WORK INSTRUCTION:
Print exactly the lines that run from the one containing "Gucci Bangle Watch" to the final line of the data, both included, and print none of the pictures.

COLLECTED DATA:
===

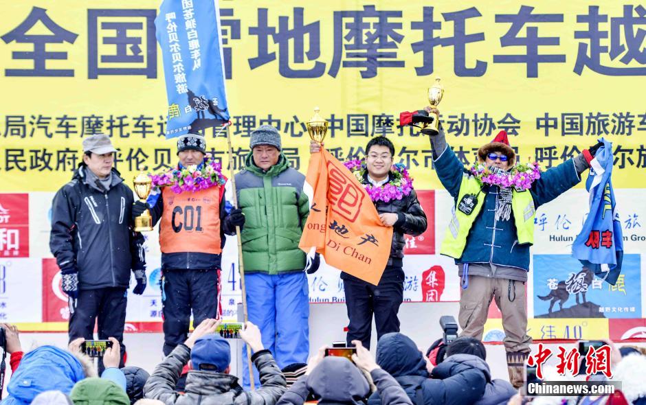 2014“皆佳”杯全国雪地摩托越野挑战赛12月22日在内蒙古呼伦贝尔海拉尔东山滑雪场落下帷幕,来自全国各省市30多支车队的百余名专业车手参加比赛,比赛由国家体育总局汽车摩托车运动管理中心、中国摩托运动协会、中国旅游车船协会、内蒙古自治区体育局、呼伦贝尔人民政府主办,海拉尔区人民政府、呼伦贝尔市旅游局、呼伦贝尔旅游集团有限公司、北京冰雪双威力体育设施公司共同承办。中新社发 赵振清 摄
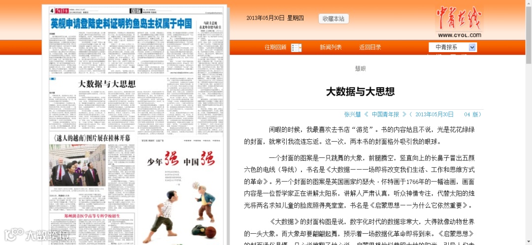 2013年5月,我曾在《中国青年报》发表一篇评论,题目是《大数据与大思想》。当时,大数据概念刚刚兴起,人们轰轰烈烈地在大数据如何如何大的“大”字上做文章。
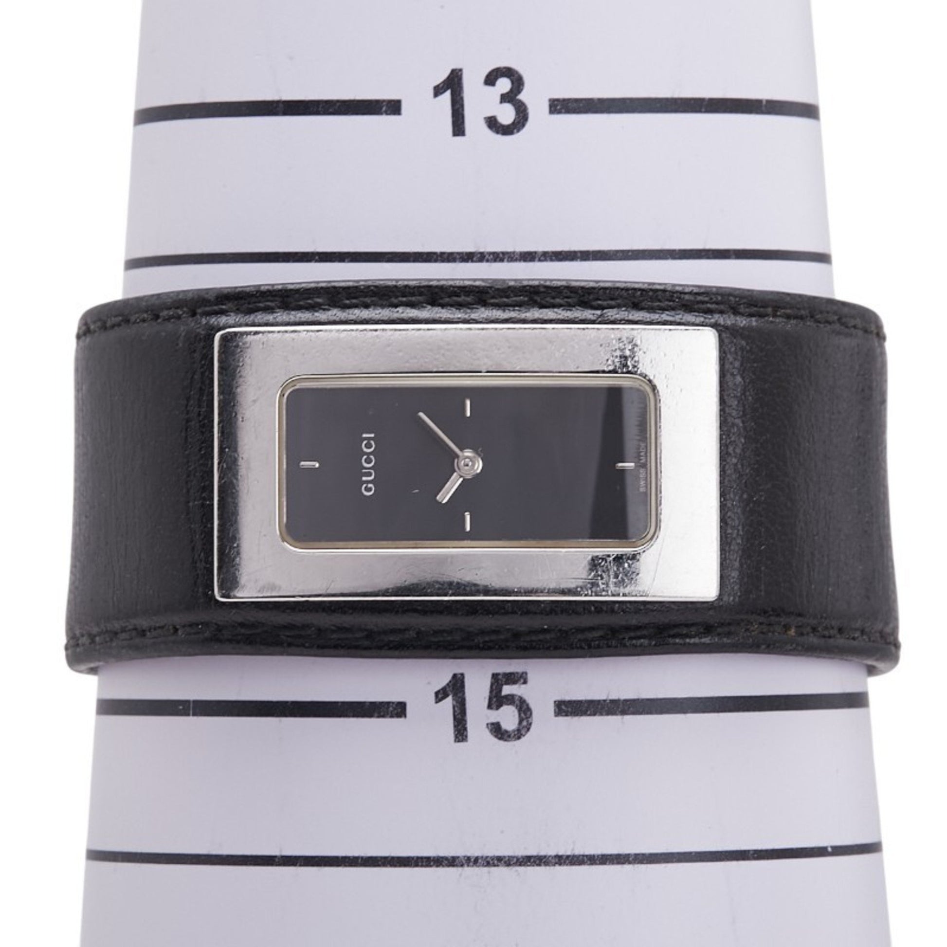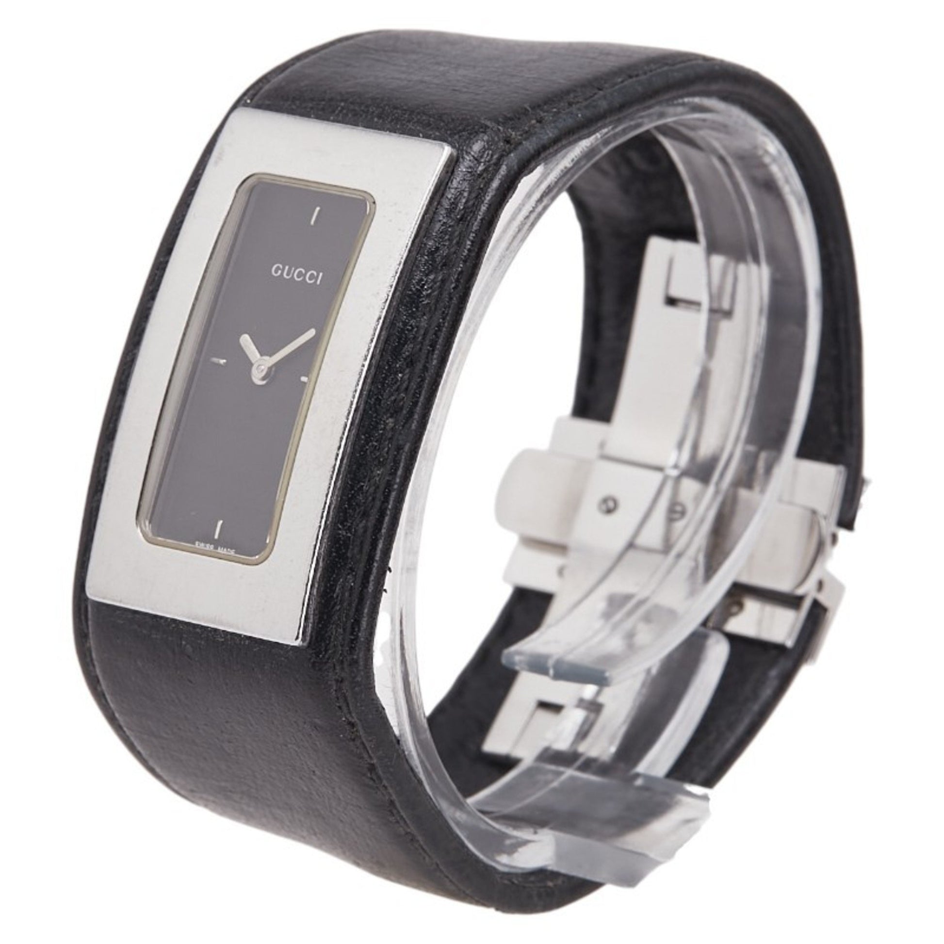Gucci Bangle Watch 7800S Quartz Black Dial Stainless Steel Leather
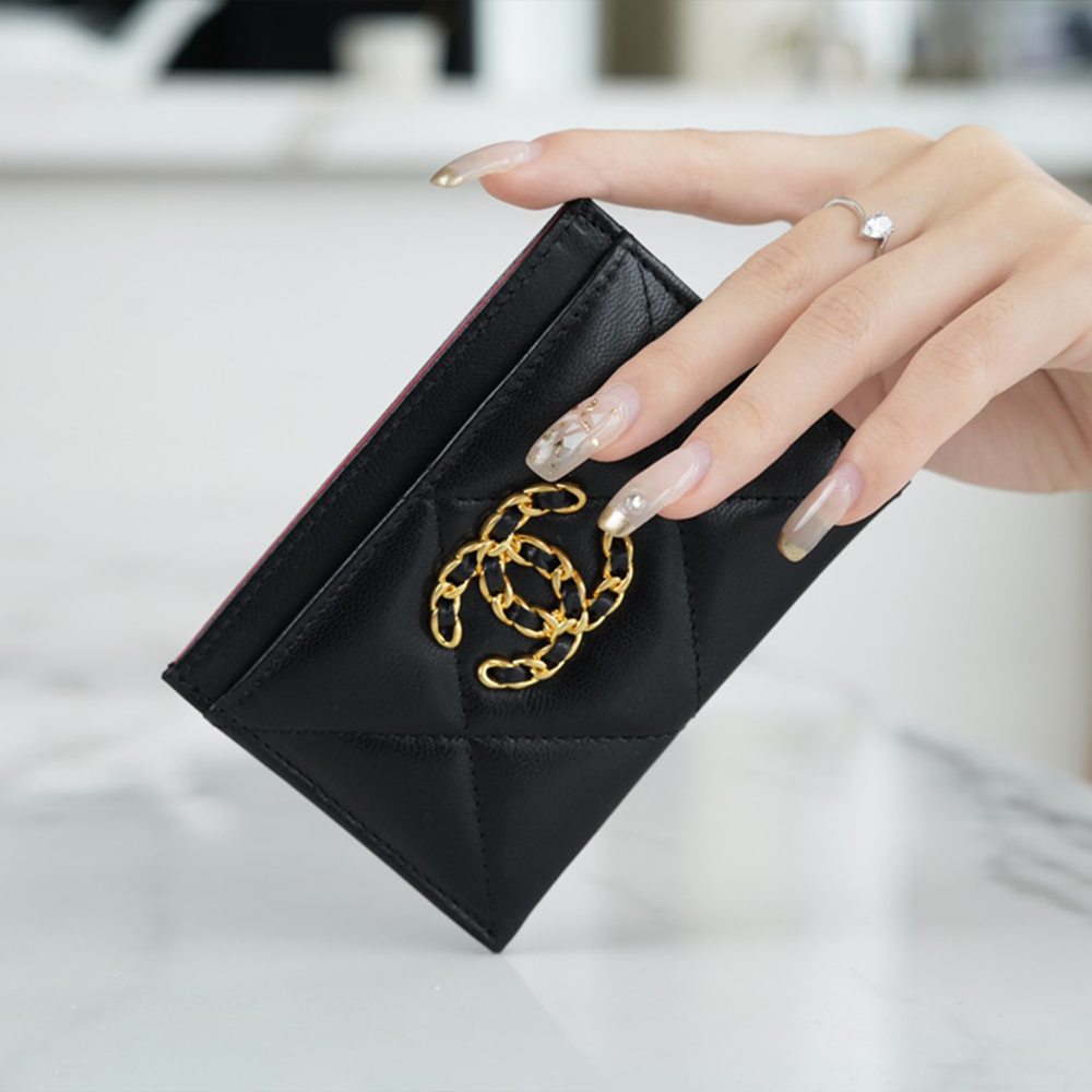 • 팬더샵 샤넬 19 카드 홀더 램스킨 & 골드 메탈 블랙

===

SOLUTION:
Gucci Bangle Watch 7800S Quartz Black Dial Stainless Steel Leather
 • 팬더샵 샤넬 19 카드 홀더 램스킨 & 골드 메탈 블랙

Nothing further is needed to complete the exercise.